(Collected data)
»»
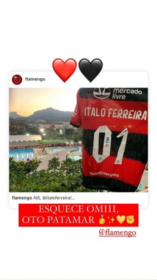 Nas redes sociais, o Mais Querido se manifestou parabenizando Ítalo Ferreira e fez uma publicação mostrando um Mantro Sagrado personalizado prontinho, apenas esperando para ser entregue ao surfista. Com isso, o atleta se manifestou compartilhando o post nos stories do Instagram: “Esquece. Oto patamar”, disse, marcando o Fla.
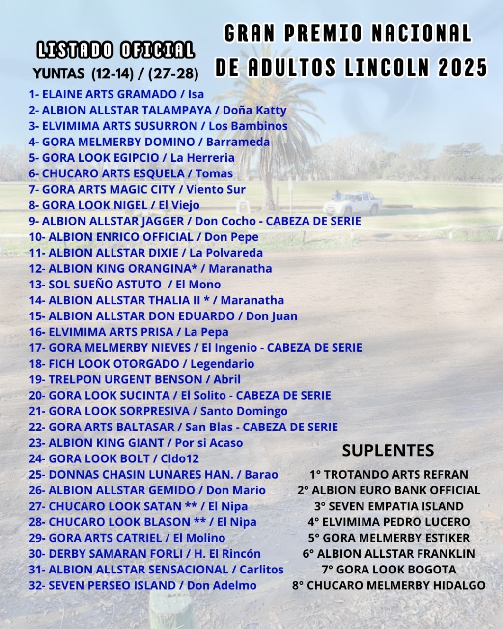 LOS INSCRIPTOS PARA EL NACIONAL DE ADULTOS LINCOLN 2025
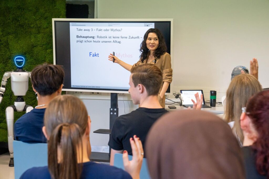 In einer Projektwoche zum Schuljahresstart setzten sich die Zehntklässler*innen mit der Frage auseinander: Wie verändert KI unser Leben und unseren Lebensraum? Neben Impulsvorträgen zu Robotik und Stadtplanung mit KI-Bezug standen auch Begegnungen mit humanoiden Robotern, Exkursionen und szenische Übungen im Staatstheater Cottbus auf dem Plan.
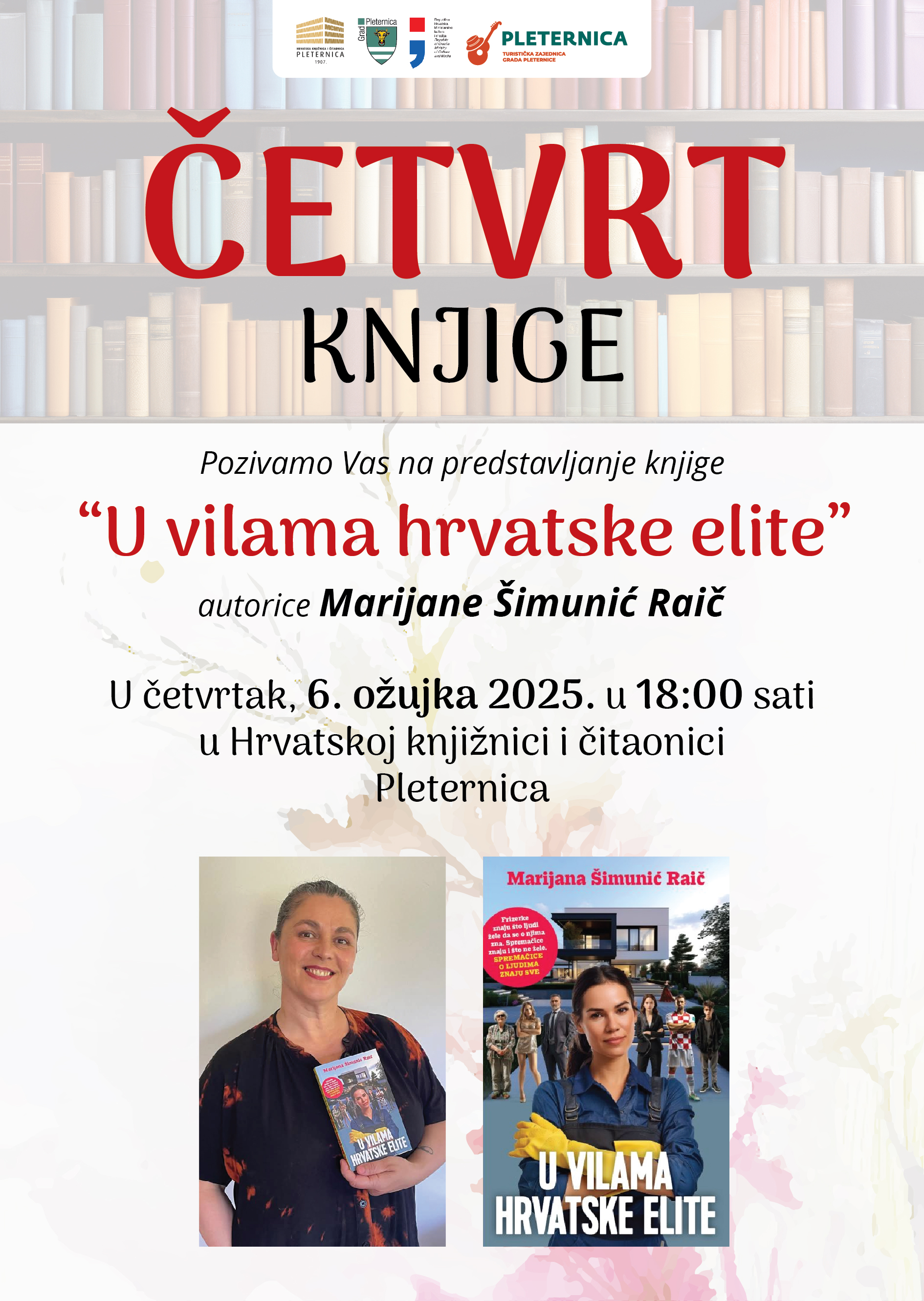 U sklopu projekta organizirali smo dva susreta s književnikom za djecu i dva za odrasle. Tijekom održavanja ''Tjedna za žene'' 6. ožujka 2025. održano je predstavljanje knjige ''U vilama hrvatske elite'' autorice Marijane Šimunić Raič. Sljedeća promocija knjige održana je za naše najmlađe korisnike. Knjižničarka i autorica Marija Gašparović 20. svibnja 2025. predstavila je slikovnicu ''Ogijev novi dom'', priču o malom pužu Ogiju, stanovniku Panonskog mora. Zadnji susret s autora za odrasle održan je 4. kolovoza 2025. kada je putopisac i frontmen grupe Cubismo Hrvoje Rupčić predstavio knjigu ''Putešestvije po Turkestanu''. Autor je publici putem fotografija, videa i glazbe predstavio čari Kazahstana, Kirgistana, Tadžikistana i Uzbekistana.
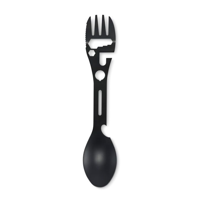 Multifunkční nástroj z nerezové oceli. Zahrnuje lžíci, vidličku, šestihranný klíč, otvírák na lahve, imbusový klíč, zoubkovaný nůž, otvírák a polohovací klíč.
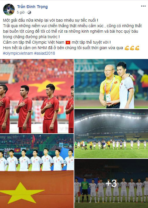 Trung vệ của CLB Hà Nội cũng tỏ ra đầy tiếc nuối trước thất bại của đội nhà. Trong sơ đồ 3 hậu vệ của HLV Park, Đình Trọng đóng vai trò quan trọng khi thi đấu ở giữa, ngay trước mặt thủ thành Bùi Tiến Dũng. Ở trận tứ kết gặp Olympic Syria, việc thiếu vắng Đình Trọng đã gây không ít khó khăn cho các cầu thủ Việt Nam.
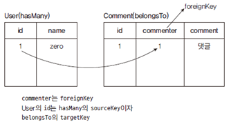 ex) db.User.hasOne(db.Info, { foreignKey: 'UserId', sourceKey: 'id' });
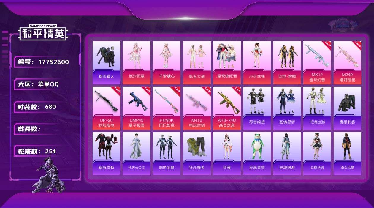 【570510】【不可二次】【苹果QQ】M416-电玩时刻 龟仙人 UMP45-量子极限 漫步者 都市猎人 AKM-缤纷海域 齐天大圣飞行器 粉红小猪 狂沙舞者 极速红龙 萌物绒绒飞行器 暗影哥特
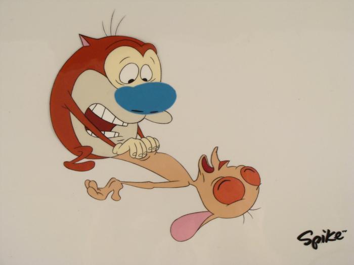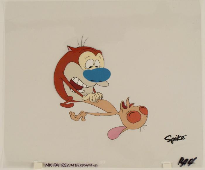 To create production cels, the original animator's drawing is transferred onto an acetate cel (by hand-inking and/or photo copying). The cel is then hand-painted on the reverse side. The cel is ready to be matted and framed. The animator's notations are shown at the bottom of the cel. The cel has multi-layers; first is Stimpy's mouth, followed by both Ren and Stimpy. The Spike TV logo is shown on the bottom right hand corner of the second cel.
««
## WHAT TO DO:
Repeat exactly the lines from the first line of the records above through the line containing "LOS INSCRIPTOS PARA", leaving out the pictures.

## SOLUTION TO THIS PROBLEM:
 Nas redes sociais, o Mais Querido se manifestou parabenizando Ítalo Ferreira e fez uma publicação mostrando um Mantro Sagrado personalizado prontinho, apenas esperando para ser entregue ao surfista. Com isso, o atleta se manifestou compartilhando o post nos stories do Instagram: “Esquece. Oto patamar”, disse, marcando o Fla.
 LOS INSCRIPTOS PARA EL NACIONAL DE ADULTOS LINCOLN 2025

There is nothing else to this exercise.